Спустя несколько дней я опять получил пропуск в Гробницу и стал бродить по коридорам в поисках Бартлби; он мне все не попадался.
— Я недавно видел, как он выходил из своей камеры, — сказал встретившийся мне тюремщик. — Может, слоняется по дворам.
Я пошел в ту сторону.
— Это вы молчальника ищете? — спросил другой тюремщик. — Вон он лежит во дворе — видно, заснул. Он минут двадцать, не больше, как улегся, я видел.
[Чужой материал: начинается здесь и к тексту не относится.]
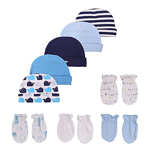 Set di cappelli e muffole per neonati - 5 cappellini e 5 paia di guanti per bambini da 0 a 6 mesi, 100% cotone Colore 4 Taglia unica

Во дворике стояла тишина. Других заключенных сюда не выпускали. Сквозь окружающие стены не проникал ни один звук, такой они были поразительной толщины. Египетский стиль построек угнетал меня своей мрачностью. Но под ногами росла мягкая узница-трава. Словно здесь было сердце вечных пирамид, в трещинах которого, как по волшебству, проросли семена, оброненные птицами.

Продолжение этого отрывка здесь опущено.